*** Source data ***
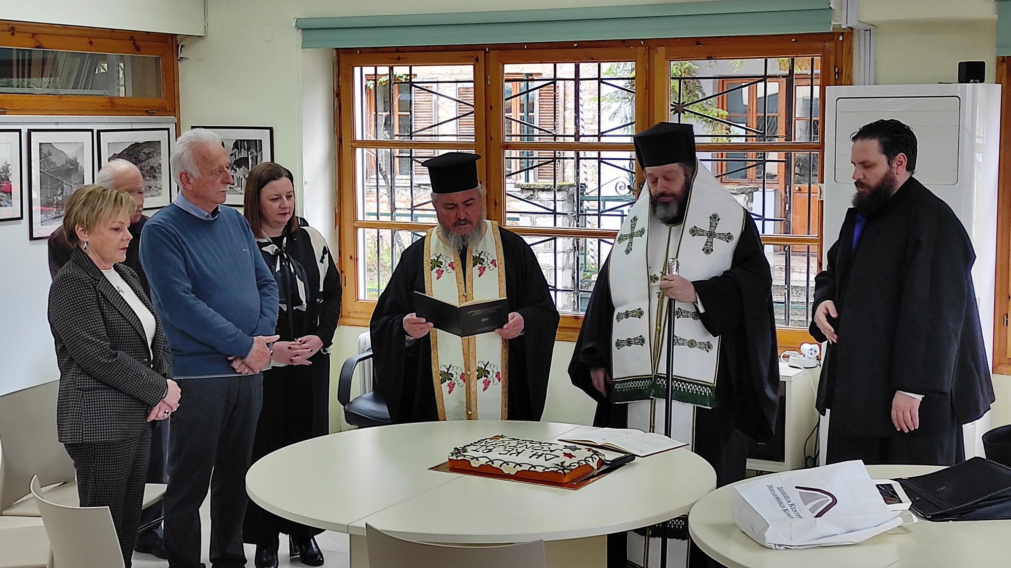 ην Δευτέρα 26/01/2026 πραγματοποιήθηκε η κοπή της πίτας. Την εκδήλωση τίμησαν με την παρουσία τους ο Σεβασμιώτατος Μητροπολίτης Δρυινουπόλεως, Πωγωνιανής και Κονίτσης, κ.κ. Αλέξιος, το Εφορευτικό Συμβούλιο και το προσωπικό της Βιβλιοθήκης
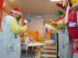 PRESENTI ANCHE IL GIORNO DI NATALE. Potevamo lasciare i bambini ricoverati e i ragazzi della Neuropsichiatria Infantile senza atmosfera natalizia proprio il giorno di Natale? Certo che no!
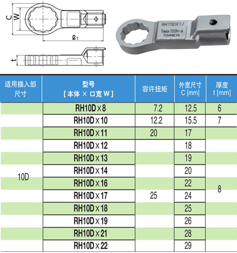 首页 > 工具 工具耗材 焊接 > 扭力工具 > > 东日梅花扳手头,11mm,RH10D*11
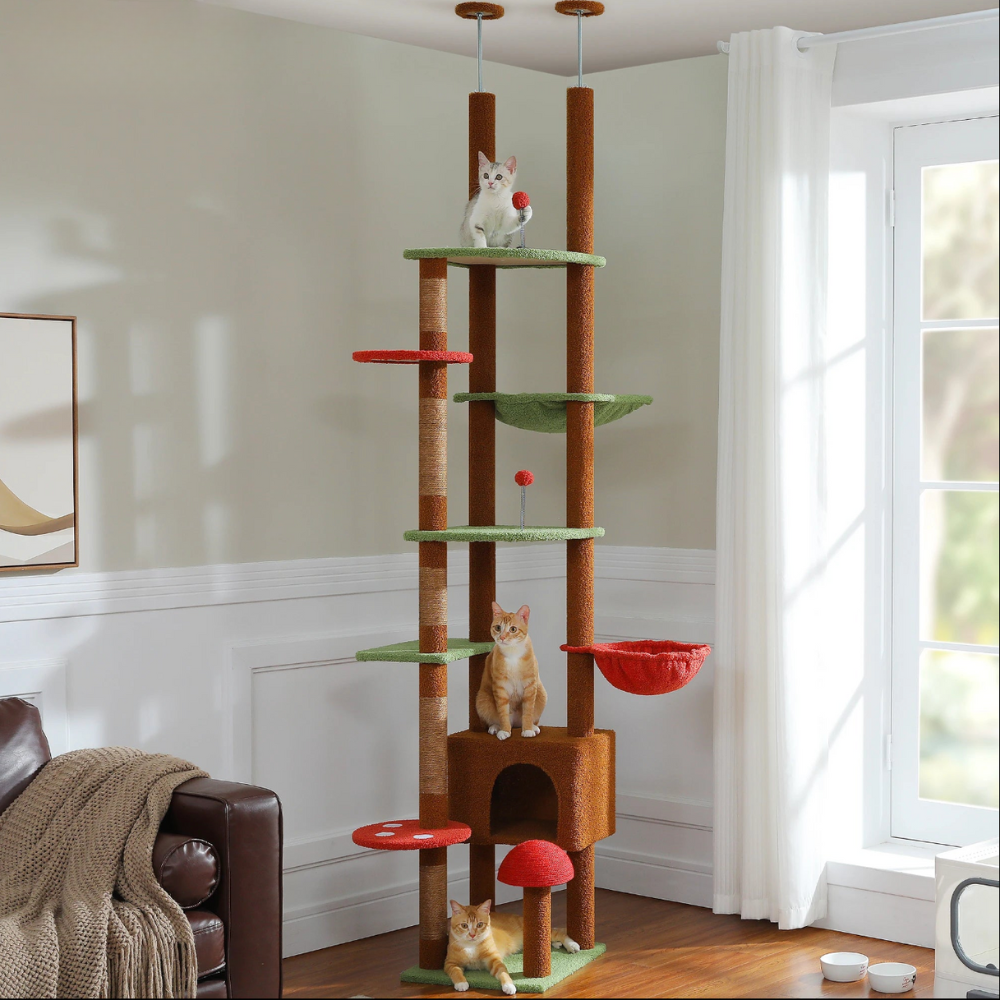 Cet arbre à chat en bois crée une zone verticale adaptée pour l’intérieur, avec une hauteur réglable de 237 à 256 cm. Il propose plusieurs niveaux pour se reposer ou observer, ainsi que des plateformes et hamacs pour varier l’accès.
*** End of Source data ***
| Exercise brief |
A clean copy is needed of the lines in the listing above from the one with "PRESENTI ANCHE IL" through the one with "首页 > 工具 工具耗材", exact in every word and free of pictures.

| Task result |
 PRESENTI ANCHE IL GIORNO DI NATALE. Potevamo lasciare i bambini ricoverati e i ragazzi della Neuropsichiatria Infantile senza atmosfera natalizia proprio il giorno di Natale? Certo che no!
 首页 > 工具 工具耗材 焊接 > 扭力工具 > > 东日梅花扳手头,11mm,RH10D*11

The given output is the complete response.